New Orleans Water Quality
New Orleans is the third-largest city in Louisiana. It is also one of the most impoverished and least healthy cities in the United States. The state government’s Office of Water Quality and Protection is responsible for ensuring that all of the city’s water is of acceptable quality. Because of the importance of New Orleans’ water, every effort is made to keep the water clean and pure for all residents. Owing to the fact that a great deal of money is involved, every step is taken to ensure that all residents get what they pay for when it comes to the quality of their water.
If you are interested in learning more about New Orleans’ water, then you should go online and do some research. There are many sites that will tell you all the ins and outs of the city and the problems it has to face with regards to its water. These sites can also help you learn which plants are used to purify the water in New Orleans. You may be surprised to learn that a large amount of the water in New Orleans is contaminated. A careful look at the city’s water report, however, should reveal that much of the water is clean enough for you to use right now.
The city’s main water source is the Mississippi River. From here, it goes through a series of filtration plants and even into the underground wells where it is processed before being deemed fit for human consumption. By taking every precaution possible to ensure the health and safety of the people of New Orleans, they have a responsibility to the world at large to keep their water clean and free from contaminants.
Louisiana Department of Health
The Louisiana Department of Health is an agency of the state government of Louisiana, also located in Baton Rouge.

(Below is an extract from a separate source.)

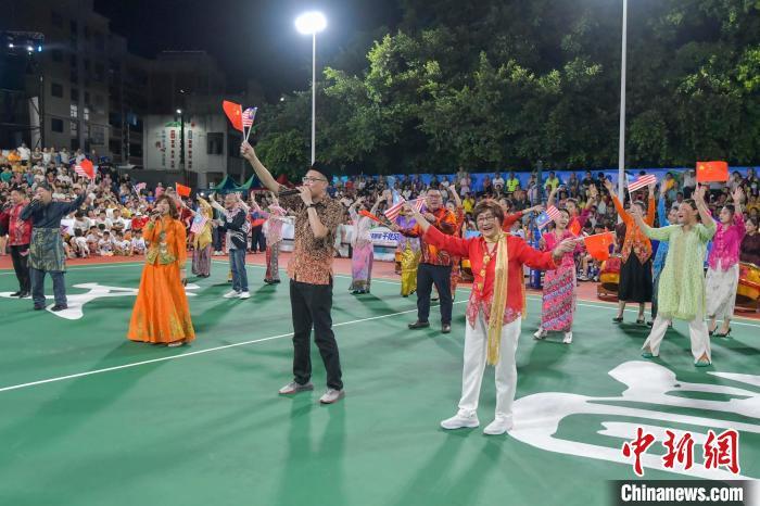 7月13日晚,2024年“九九杯”海南(文昌)鄉鎮排球聯賽鋪前站迎來一場中馬排球友誼賽。圖為馬來西亞專場演藝現場。中新網記者 駱云飛 攝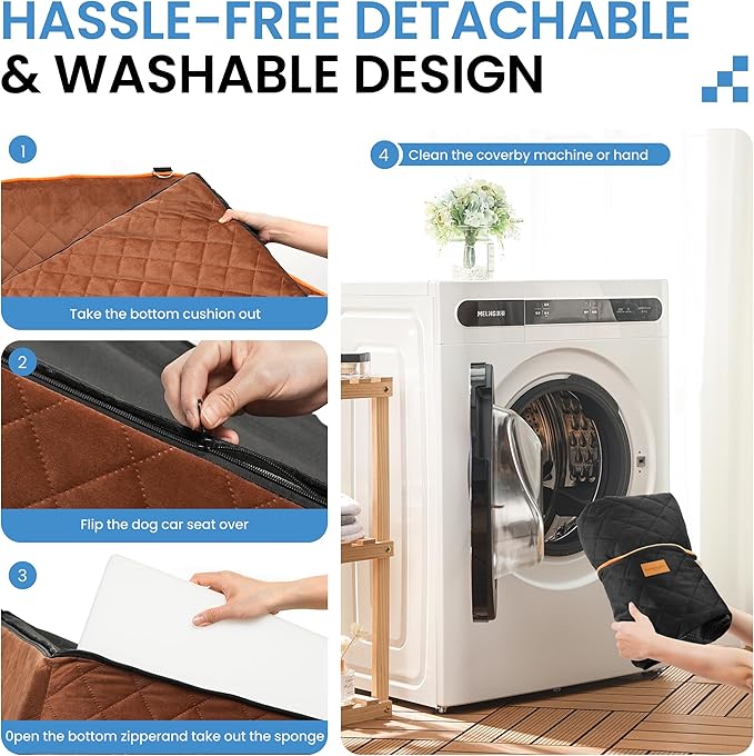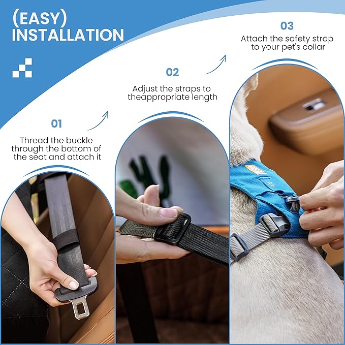 - Easy to Install & Clean: The adjustable straps securely attach to your car’s seats, and the removable cover makes cleaning hassle-free. Keep your car clean while giving your pet the best travel experience!

It’s been around since the mid-1800s and serves many parts of the state as its main administrative and financial unit. It’s also served other governmental and non-governmental organizations in the state. Its purpose is to serve the public welfare by providing services that promote health and prevent illness. This is done through a wide variety of programs.
The Louisiana Department of Health serves all or part of the state: Its premier agency is the Louisiana Department of Health and Hospitals. The Louisiana Department of Health, previously known as the Louisiana Department of Health and Hospitals was created to be the central coordinating agency for all matters relating to the health and welfare of the state’s residents, including health insurance and medical coverage, immunizations, public health, nutrition, and tobacco products regulation and control. The office and its various departments and bureaus are administered by the Secretary of State. The office has its funding provided from the state general revenue fund.

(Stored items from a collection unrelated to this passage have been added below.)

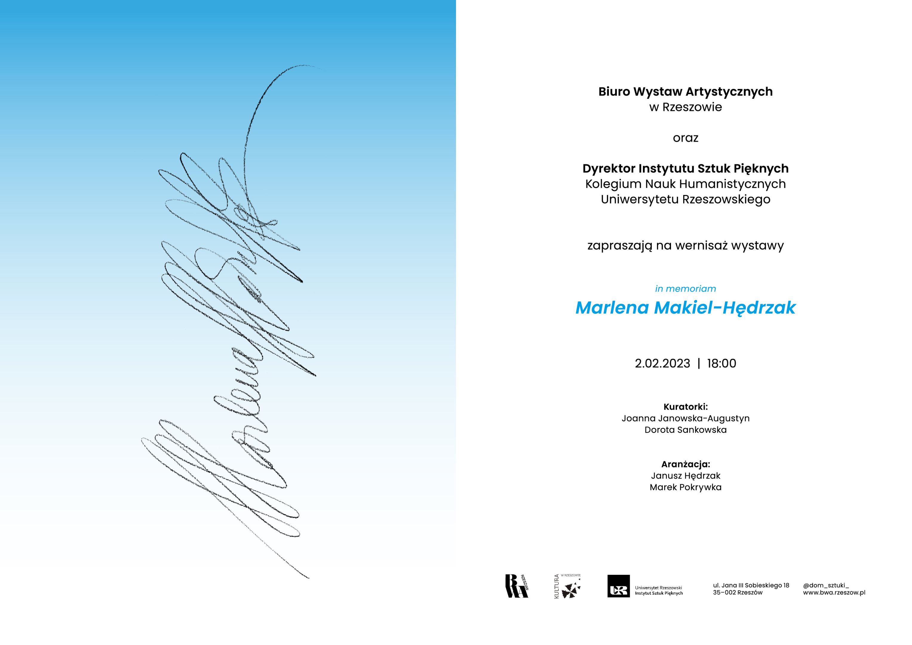 Zaproszenie na wernisaż wystawy "in memoriam Marlena Makiel-Hędrzak" oraz "Ślady spotkań szczególnych"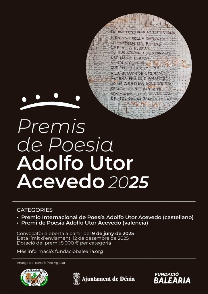 La Fundació Baleària i la Casa d’Andalucía de Dénia, en col·laboració amb l’Ajuntament de Dénia, en la seua constant voluntat de donar suport a la cultura i impulsar des de diferents vessants la creació artística en totes les disciplines, convoquen aquest premi amb la intenció de promoure la creació literària i, al mateix temps, posicionar aquest guardó de poesia com un referent de prestigi en les nostres lletres; un premi que vol retre homenatge al llegat i la memòria d’Adolfo Utor Acevedo, fortament compromès amb la paraula poètica i generós amb les diferents iniciatives que, al llarg de la seua vida, va possibilitar per fomentar les veus d’altres creadors artístics.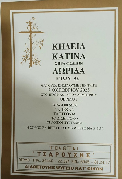 ΚΗΔΕΙΑ – ΤΡΙΤΗ 7/10/2025 – ΚΑΤΙΝΑ Φ. ΛΩΡΙΔΑ ΕΤΩΝ 92

The department provides various programs to help the needy. Among its activities are the following: Assisting the homeless, providing medical care to the indigent, preventing diseases and preventing pregnancy, implementing programs concerning family planning and birth control, and coordinating statewide preventative care programs. In addition to its health programs, the department provides social services, such as alcohol and drug abuse prevention, intervention services, domestic violence information and referral services, and educational programs for teens and children. The department also develops and implements rules and regulations to carry out the provisions of its grants, contracts, and licensing programs. The Louisiana Department of Health and Hospitals maintains statistics on the health of all persons in the state and performs statistical analysis for the purposes of management and policymaking purposes.